FILE PHOTO: Cancer cells are seen on a large screen connected to a microscope at the CeBit computer fair in Hanover, Germany, March, 6, 2012. REUTERS/Fabian Bimmer/File Photo FILE PHOTO: Cancer cells are seen on a large screen connected to a microscope at the CeBit computer fair in Hanover, Germany, March, 6, 2012. REUTERS/Fabian Bimmer/File Photo

Cancer has overtaken heart disease as the leading cause of death in wealthy countries and could become the world’s biggest killer within just a few decades if current trends persist, researchers said on Tuesday.

Publishing the findings of two large studies in The Lancet medical journal, the scientists said they showed evidence of a new global “epidemiologic transition” between different types of chronic disease.

While cardiovascular disease remains, for now, the leading cause of mortality worldwide among middle-aged adults - accounting for 40 per cent of all deaths - that is no longer the case in high-income countries, where cancer now kills twice as many people as heart disease, the findings showed.

“Our report found cancer to be the second most common cause of death globally in 2017, accounting for 26 per cent of all deaths.

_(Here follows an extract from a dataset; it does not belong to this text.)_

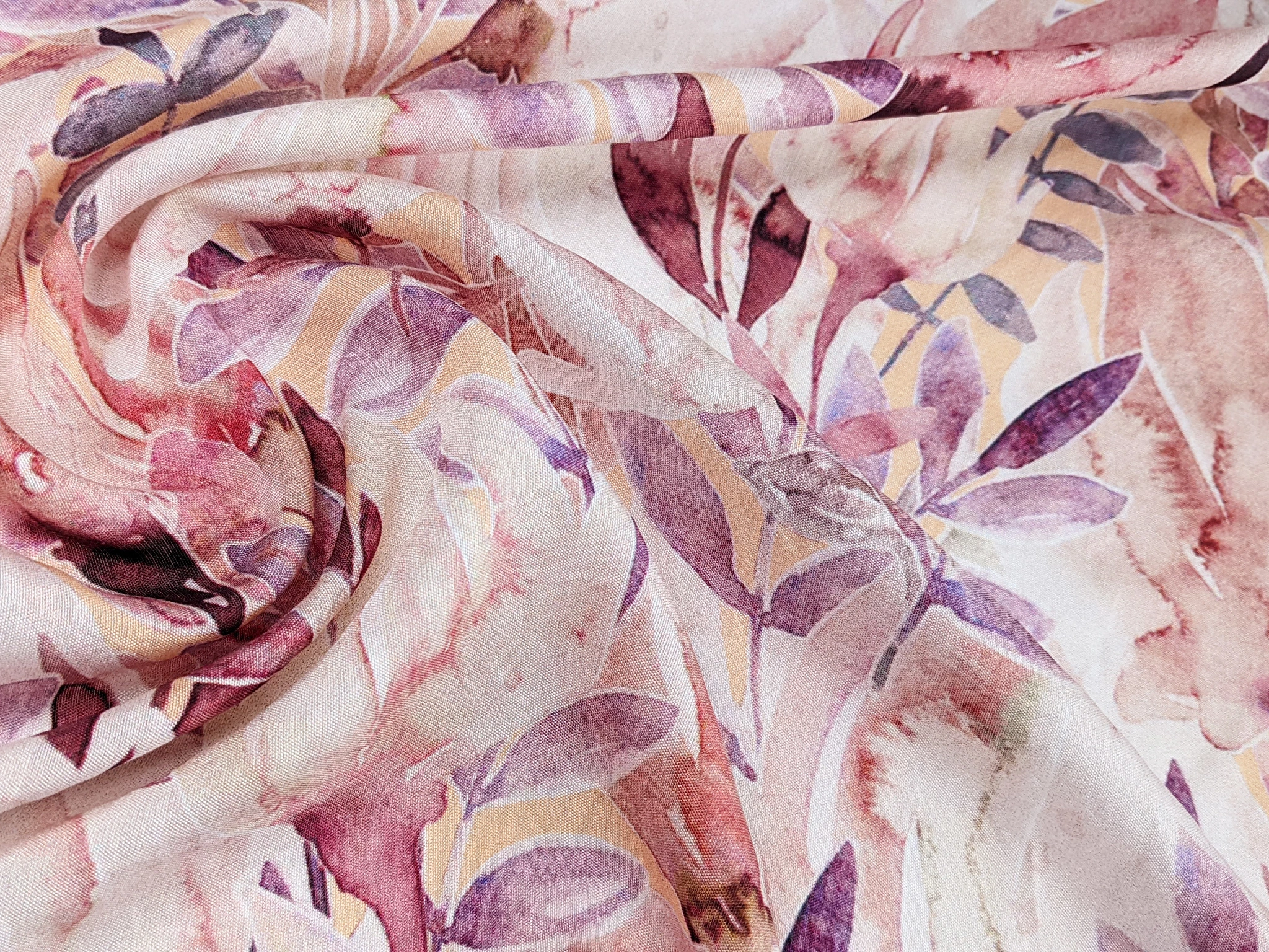 Шовк віскоза - тонкий, невагомий матеріал, що відрізняється легкістю та повітрянністю. Тканина поєднує в собі ніжність шовковистої структури та вишуканість штапелю. Тактильно поверхня має відчутну шорсткість, природний, легкий матовий блиск. За рахунок натурального складу, присутнє зминання, має прозорість на просвіт. Тканина без еластану, добре драпірується, повітропроникна, забезпечує відчуття прохолоди у спеку.

But as (heart disease) rates continue to fall, cancer could likely become the leading cause of death worldwide, within just a few decades,” said Gilles Dagenais, a professor at Quebec’s Laval University in Canada who co-led the work.

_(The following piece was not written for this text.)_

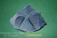 •   Кусок плотной ткани (хлопок, бязь, шерсть, можно использовать старые джинсы. Я шила их из тазиковых остатков.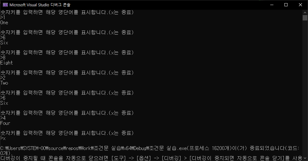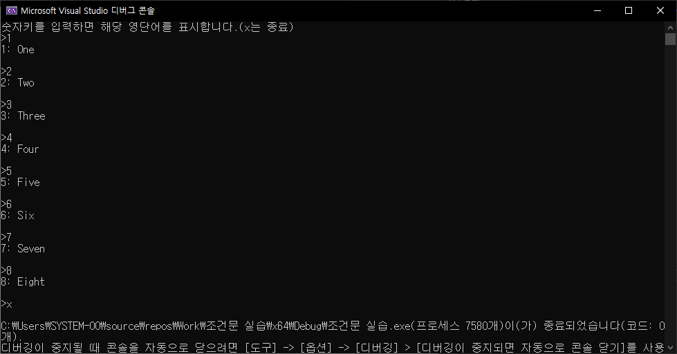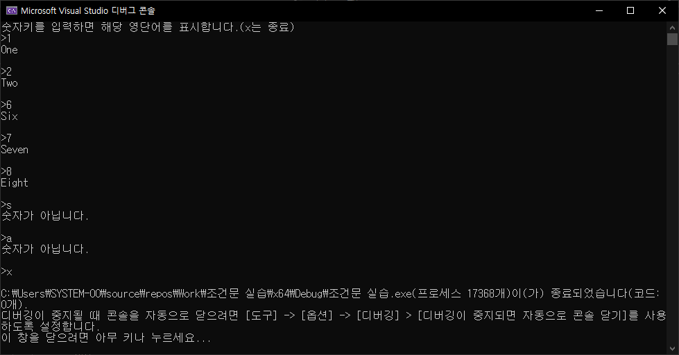 종료 조건문에 x | 0x20 == 'x'를 입력하면 입력 값을 소문자로 변환하여 종료 진행#include <stdio.h> #include <conio.h> int main(void) { printf("숫자키를 입력하면 해당 영단어를 표시합니다.(x는 종료)\n"); while (1) { printf(">"); char c = getch(); printf("%c\n", c); if (c == 'x' || c == 'X') break; switch (c) { case '1': printf("One\n"); break; case '2': printf("Two\n"); break; case '3': printf("Three\n"); break; case '4': printf("Four\n"); break; case '5': printf("Five\n"); break; case '6': printf("Six\n"); break; case '7': printf("Seven\n"); break; case '8': printf("Eight\n"); break; case '9': printf("Nine\n"); break; case '0': printf("Zero\n"); break; default: printf("숫자가 아닙니다.\n"); break; } printf("\n"); } }

Of an estimated 55 million deaths in the world in 2017, the researchers said, around 17.7 million were due to cardiovascular disease - a group of conditions that includes heart failure, angina, heart attack and stroke.

Around 70 per cent of all cardiovascular cases and deaths are due to modifiable risks such as high blood pressure, high cholesterol, diet, smoking and other lifestyle factors, reports Reuters.

In high-income countries, common treatment with cholesterol-lowering statins and blood-pressure medicines have helped bring rates of heart disease down dramatically in the past few decades.

Dagenais’ team said their findings suggest that the higher rates of heart-disease deaths in low-income countries may be mainly due to a lower quality of healthcare.

The research found first hospitalisation rates and heart disease medication use were both substantially lower in poorer and middle-income countries than in wealthy ones.

The research was part of the Prospective Urban and Rural Epidemiologic (PURE) study, published in The Lancet and presented at the ESC Congress in Paris.

Countries analysed included Argentina, Bangladesh, Brazil, Canada, Chile, China, Colombia, India, Iran, Malaysia, Pakistan, Palestine, Philippines, Poland, Saudi Arabia, South Africa, Sweden, Tanzania, Turkey, United Arab Emirates and Zimbabwe.